Since it was announced in June 2022, the initiative has welcomed Dr Charlotte Aitken as a full-time programme manager and recruited 12 brain tumour, pre-clinical and pharmaceutical experts, as well as a patient representative. It is also building an extended bank of experts who can provide tailored expertise for applications.

Encouragingly, the programme has already received several expressions of interest with applications invited from June 2023. Selected applicants will have their therapeutic reviewed by a panel of experts at the first in-person review meeting in November.

Applicants can register their expression of interest online: www.tessajowellbraincancermission.org/ strategic-programmes/btr-nta

In partnership with our Member Charity brainstrust, Brain Tumour Research also funds the Patient Research Involvement Movement (PRIME), which was set up to bring people with direct experience of living with a brain tumour into contact with the clinical research community where they can help shape studies and secure funding for research and clinical trials.

The programme continues to work towards a new gold standard for patient and public involvement (PPIE) in the clinical brain tumour research landscape.

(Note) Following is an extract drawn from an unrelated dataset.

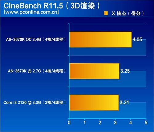 测试小结:应用软件测试中,在WinRAR上,Intel的Core i3 2120凭借Sandy Bridge的优势领先。但是到注重多核心的应用,比如3D渲染,拥有物理四核CPU的A6-3670K优势就显现了,超频后更是以较大幅度抛离i3 2120。

PPIE is essential if clinical trials are to be funded; it offers insight into how best to design a study and improve the quality of the study overall, so that it is meaningful, relevant and more likely to recruit.

Patient advocates have been involved in early-phase clinical trials including one to determine a model for brain tumour patients’ disease; studies on social cognition assessments for brain tumour patients and establishing core outcome sets for brain cancer trials; and a surgery trial for people with brain tumour related epilepsy.

To find out more about PRIME, email adam@braintrust.org.uk

Read more about BTR-NTA and PRIME on our website: www.braintumourresearch.org/ research/enabling-research

Work is underway to take forward exciting findings which could improve outcomes for patients diagnosed with glioblastoma (GBM).

The team at the Brain Tumour Research Centre of Excellence at Imperial College, London, is developing a robust protocol for a ‘windowofopportunity’ clinical trial. This type of trial allows a drug of interest to be given to a patient over a short period of time prior to the instigation of standard of care treatment.

The study would see patients treated with a drug called ADI-PEG20 in combination with radiotherapy prior to surgery, before continuing down the route of standard care.

It aims to build on exciting findings from our Imperial Research Centre where ADI-PEG20 was shown to improve the efficacy of radiotherapy. The drug depletes arginine –an amino acid which is critical for the growth and survival of human cancers. Results from preclinical models suggest that by reducing the supply of arginine, GBM tumours are much more susceptible to radiotherapy.

In the project named WISTERIAN, funded by Brain Tumour Research, Dr Matt Williams and the team are writing the trial protocol and gathering the additional data required to secure external funding for the clinical trial.